* _TASK TO COMPLETE_
The copy should hold exactly the lines below from the one that contains "Чаще всего клубы" through the one that contains "Вместе с пенсионерами" and nothing else, so no pictures.

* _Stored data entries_
======
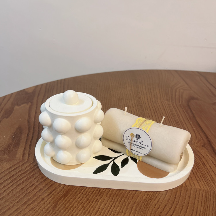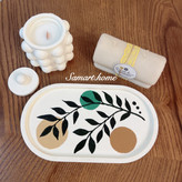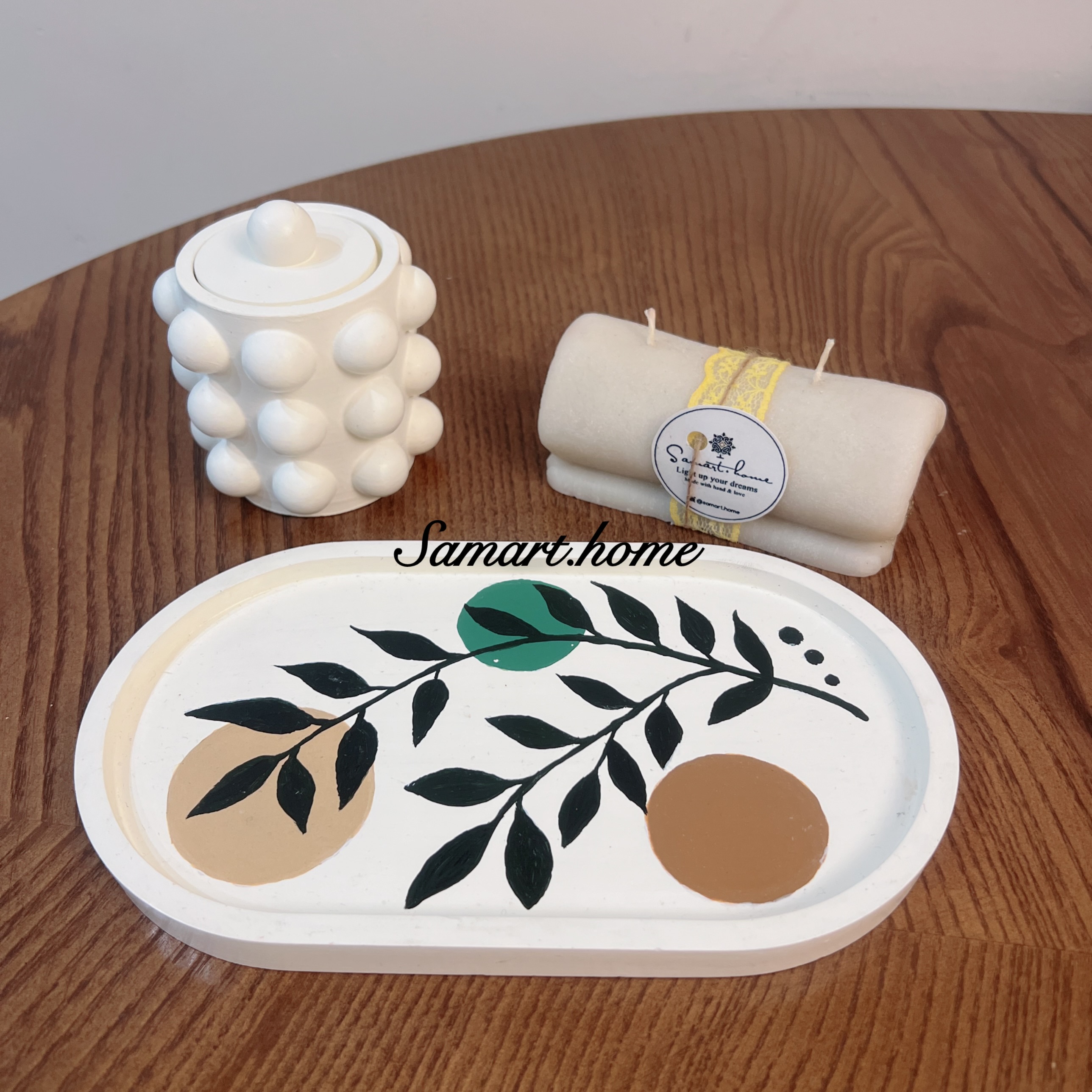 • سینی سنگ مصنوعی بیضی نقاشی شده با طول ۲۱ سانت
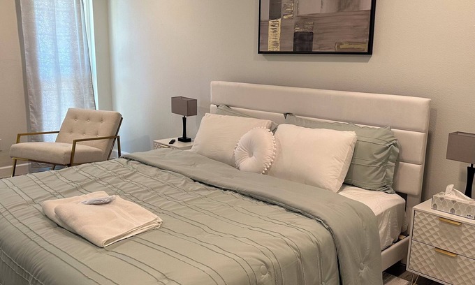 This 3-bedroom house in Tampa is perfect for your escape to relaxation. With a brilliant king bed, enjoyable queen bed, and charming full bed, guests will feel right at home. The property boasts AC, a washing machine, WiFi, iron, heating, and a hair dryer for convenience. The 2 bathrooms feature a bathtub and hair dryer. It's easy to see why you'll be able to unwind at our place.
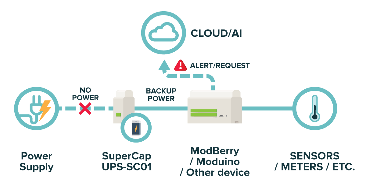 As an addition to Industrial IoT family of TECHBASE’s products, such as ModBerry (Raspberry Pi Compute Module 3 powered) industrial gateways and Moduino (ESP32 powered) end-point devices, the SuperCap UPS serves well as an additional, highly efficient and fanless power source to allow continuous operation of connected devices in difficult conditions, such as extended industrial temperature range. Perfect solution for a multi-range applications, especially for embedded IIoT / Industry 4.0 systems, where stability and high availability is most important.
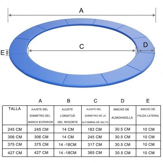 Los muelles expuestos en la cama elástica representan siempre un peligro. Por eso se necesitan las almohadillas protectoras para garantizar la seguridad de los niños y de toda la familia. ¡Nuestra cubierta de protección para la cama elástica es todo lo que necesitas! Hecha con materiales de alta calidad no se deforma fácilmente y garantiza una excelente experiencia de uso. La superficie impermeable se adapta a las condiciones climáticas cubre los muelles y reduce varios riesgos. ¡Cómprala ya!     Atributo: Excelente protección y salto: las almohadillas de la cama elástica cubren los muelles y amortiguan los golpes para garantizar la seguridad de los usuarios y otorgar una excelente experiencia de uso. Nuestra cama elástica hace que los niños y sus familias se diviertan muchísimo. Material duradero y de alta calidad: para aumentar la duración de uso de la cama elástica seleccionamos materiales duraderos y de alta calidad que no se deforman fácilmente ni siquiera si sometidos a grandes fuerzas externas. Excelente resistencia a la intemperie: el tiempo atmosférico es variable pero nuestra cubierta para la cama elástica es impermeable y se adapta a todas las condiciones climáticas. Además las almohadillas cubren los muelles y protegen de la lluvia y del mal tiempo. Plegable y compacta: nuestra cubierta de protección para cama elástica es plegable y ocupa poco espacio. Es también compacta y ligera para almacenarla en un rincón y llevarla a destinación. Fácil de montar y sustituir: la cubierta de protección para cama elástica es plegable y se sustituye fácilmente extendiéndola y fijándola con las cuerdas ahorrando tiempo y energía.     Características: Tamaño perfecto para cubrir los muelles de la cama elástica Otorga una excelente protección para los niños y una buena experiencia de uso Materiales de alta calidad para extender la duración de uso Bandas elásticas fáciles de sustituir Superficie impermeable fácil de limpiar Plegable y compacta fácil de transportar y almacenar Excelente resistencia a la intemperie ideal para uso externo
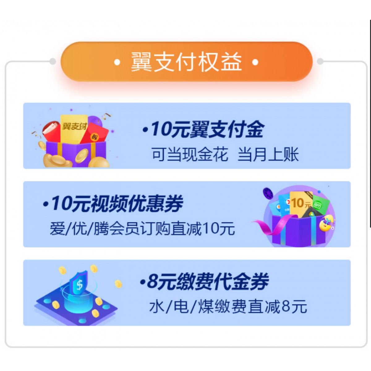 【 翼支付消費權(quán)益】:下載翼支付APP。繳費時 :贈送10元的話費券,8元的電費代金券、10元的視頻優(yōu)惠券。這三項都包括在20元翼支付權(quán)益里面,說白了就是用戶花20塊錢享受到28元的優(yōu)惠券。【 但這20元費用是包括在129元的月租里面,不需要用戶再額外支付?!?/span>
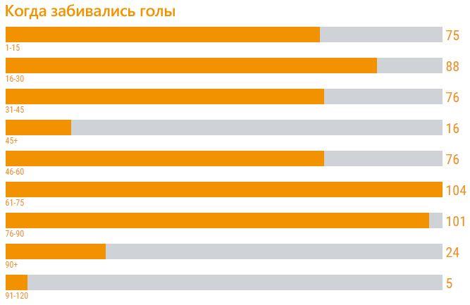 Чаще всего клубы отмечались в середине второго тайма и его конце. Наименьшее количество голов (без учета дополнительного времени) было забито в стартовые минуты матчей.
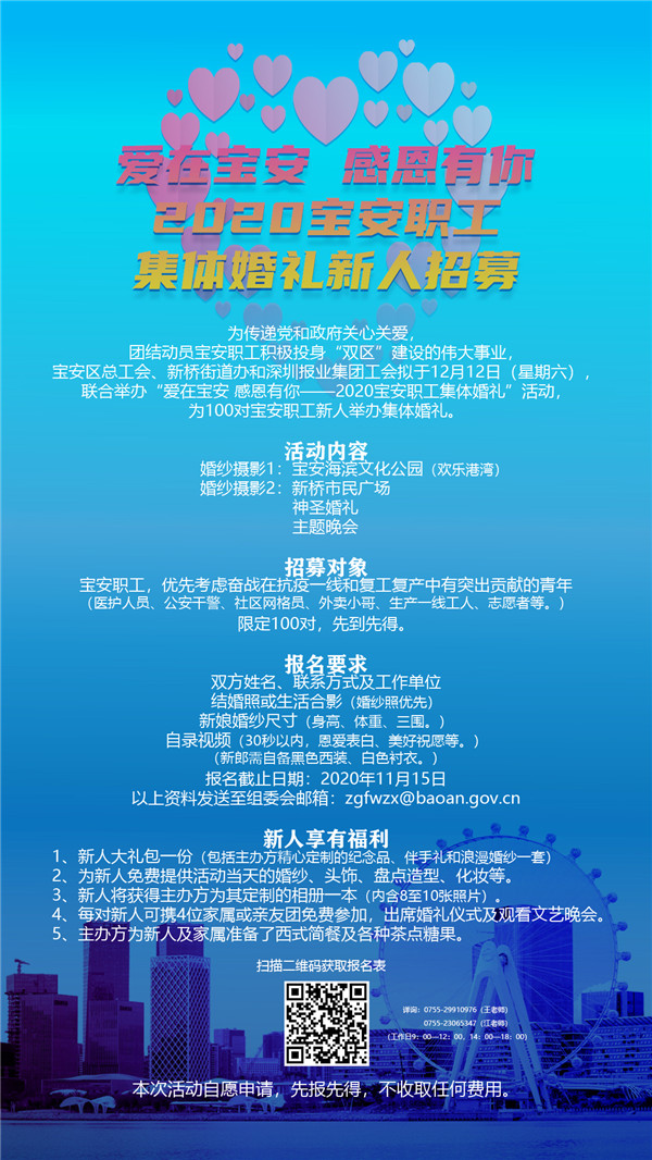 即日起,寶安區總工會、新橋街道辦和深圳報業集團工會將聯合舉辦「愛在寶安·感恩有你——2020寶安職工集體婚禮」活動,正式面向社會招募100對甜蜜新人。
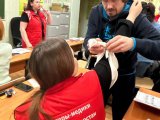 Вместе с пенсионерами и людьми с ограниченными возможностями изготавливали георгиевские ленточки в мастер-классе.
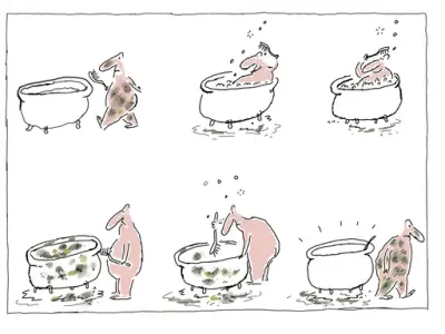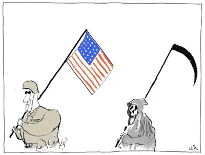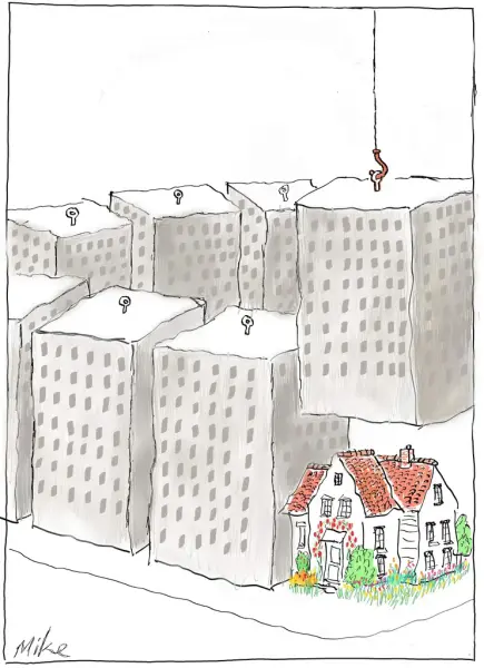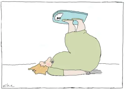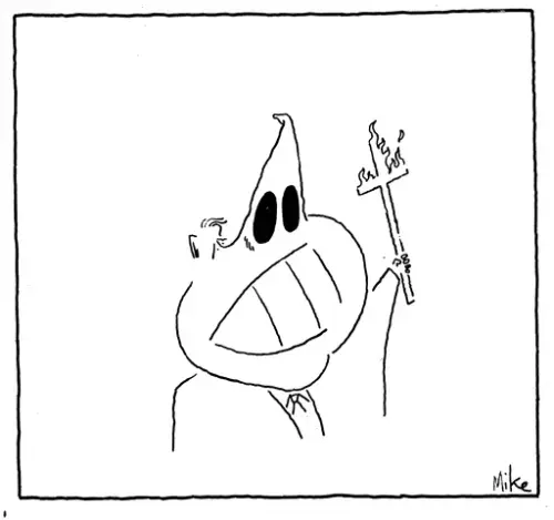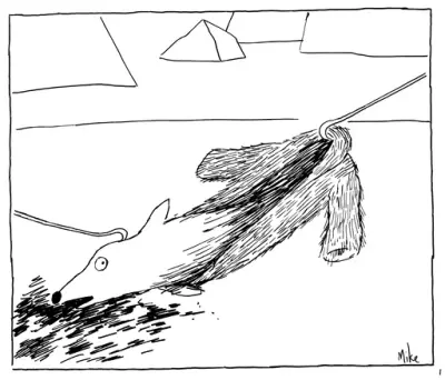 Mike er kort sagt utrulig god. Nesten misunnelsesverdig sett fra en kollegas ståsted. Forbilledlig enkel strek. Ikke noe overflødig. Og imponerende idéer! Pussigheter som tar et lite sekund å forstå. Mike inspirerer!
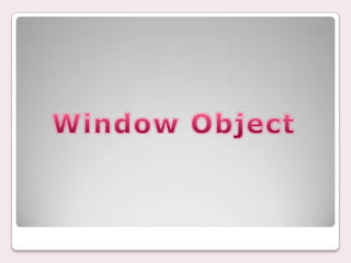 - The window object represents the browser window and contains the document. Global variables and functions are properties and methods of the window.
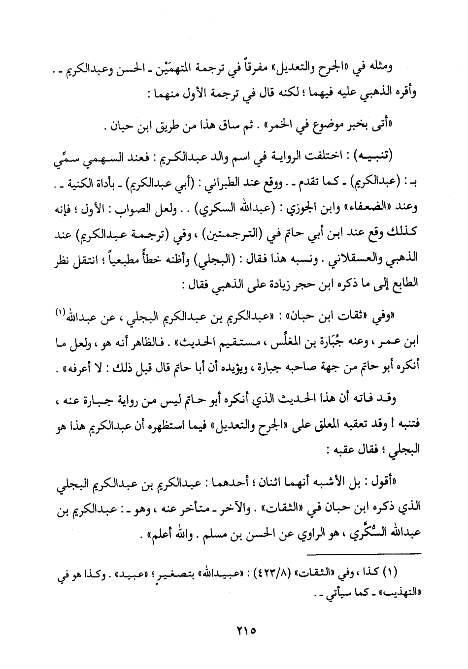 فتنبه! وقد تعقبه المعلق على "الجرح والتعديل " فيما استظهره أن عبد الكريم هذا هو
======
* _SOLUTION FOR THIS PROBLEM_
 Чаще всего клубы отмечались в середине второго тайма и его конце. Наименьшее количество голов (без учета дополнительного времени) было забито в стартовые минуты матчей.
 即日起,寶安區總工會、新橋街道辦和深圳報業集團工會將聯合舉辦「愛在寶安·感恩有你——2020寶安職工集體婚禮」活動,正式面向社會招募100對甜蜜新人。
 Вместе с пенсионерами и людьми с ограниченными возможностями изготавливали георгиевские ленточки в мастер-классе.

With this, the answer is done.